- **Excerpts from a dataset**
———

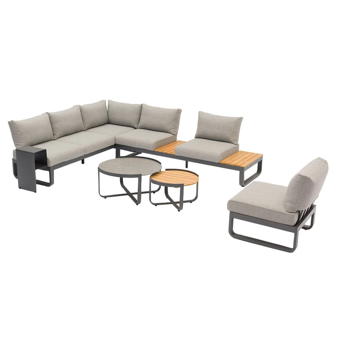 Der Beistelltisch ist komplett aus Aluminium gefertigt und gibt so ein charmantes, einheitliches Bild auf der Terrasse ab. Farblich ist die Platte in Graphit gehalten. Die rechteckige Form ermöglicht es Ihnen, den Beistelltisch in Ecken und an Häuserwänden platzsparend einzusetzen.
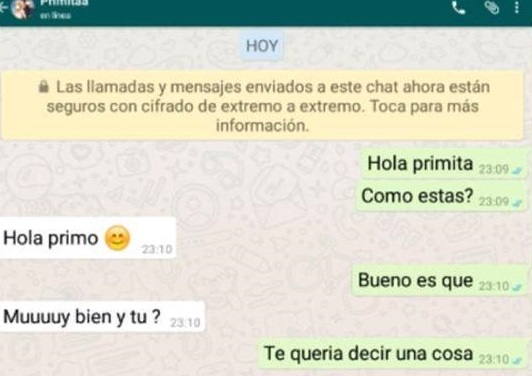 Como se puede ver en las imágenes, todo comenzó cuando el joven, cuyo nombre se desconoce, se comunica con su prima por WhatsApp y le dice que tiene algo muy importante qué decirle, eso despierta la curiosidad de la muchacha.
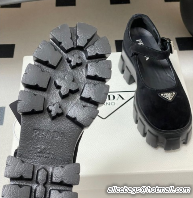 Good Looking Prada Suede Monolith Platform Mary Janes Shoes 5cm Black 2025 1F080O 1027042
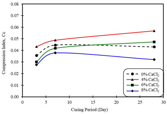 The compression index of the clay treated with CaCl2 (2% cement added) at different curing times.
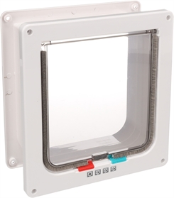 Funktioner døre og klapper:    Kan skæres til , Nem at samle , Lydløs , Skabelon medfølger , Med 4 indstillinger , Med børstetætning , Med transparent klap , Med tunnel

———

- **Directions**
Please return, without any change, the lines from the line containing "The compression index" through the last line of the entries, dropping the pictures.

- **Exercise answer**
 The compression index of the clay treated with CaCl2 (2% cement added) at different curing times.
 Funktioner døre og klapper:    Kan skæres til , Nem at samle , Lydløs , Skabelon medfølger , Med 4 indstillinger , Med børstetætning , Med transparent klap , Med tunnel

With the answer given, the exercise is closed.